Остановившись на мосту — поглазеть на обломок зубца бастиона, который обрушился в Белль, — мадам Ладусет вдруг заметила под ногами мертвую утку, чья печень, как подсказали бывалые пальцы старушки, как раз ожирела до нужной кондиции. Обрадованная нежданным везением, она подняла находку за шею и поспешно, пока никто не увидел, отнесла домой. Набрав дощечки от разбитой бочки, она разожгла огонь в очаге и поставила перед ним железный утюг — один из тех, что ее сын выставил на полке камина для украшения. После того как утюг нагрелся, мадам Ладусет аккуратно разложила утку на кухонном столе, накрыла влажным полотенцем и приступила к глажке, согласно традиционному методу. А закончив, обнаружила, как всегда, что птичьи перья выщипываются гораздо легче.

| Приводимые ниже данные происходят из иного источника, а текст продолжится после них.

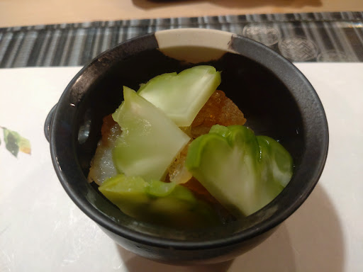 こちらに来る前に、ここを含めて松茸は今年は5回ほど楽しめましたが こちらの土瓶蒸しはツブ貝と鱧を出汁にするようにしていて、旨味の元であるイノシン酸もたっぷりで 松茸もかなり大きくて、たくさんあり 今年食べた土瓶蒸しは3軒でしたけど 1番美味いしく頂けました。 白目むく美味さでしたよ。

Несколькими часами позже, когда жители Амур-сюр-Белль один за другим начали открывать свои ставни, первым их чувством было отнюдь не облегчение, что удалось избежать чистилища, но ужасная тошнота от набитых за ночь желудков. В очередной раз подумав, что пробил смертный час, все кинулись опустошать свои холодильники, буфеты и погреба. В ход пошли самые соблазнительные деликатесы: паштеты из оленины, кровяные колбасы, гусиные ножки в жире, фуа-гра с трюфелями, консервы из утки и saucissons secs.[47] Когда селяне вытерли рты и поняли, что все еще сидят за своими столами, они вновь бросились к холодильникам, выгребли оттуда все мясо и наскоро приготовили соусы из консервированных белых грибов. Отложив наконец вилки, они огляделись и, с удивлением узнав свой собственный дом, тут же подчистили закрома, извлекая на свет божий муку, сахар, сливочное масло и консервы из фруктов. И пока ветер пронзительно визжал в замочные скважины, пока за окном кувыркался крупный и мелкий домашний скот и сорванные с петель ставни выписывали в небе пируэты, женщины Амур-сюр-Белль, закатав рукава, торопливо пекли пироги, надеясь, что Господь все же не настолько жесток, чтобы забрать их жизнь прежде, чем они успеют как следует угоститься. Гастрономические шедевры запивались лучшими винами, что были припрятаны для более светлых дней. И с пробуждением все это вышло наружу в едином блюющем хоре, встряхнувшем тех, кто не решался открыть глаза из страха столкнуться лицом к лицу с самим дьяволом.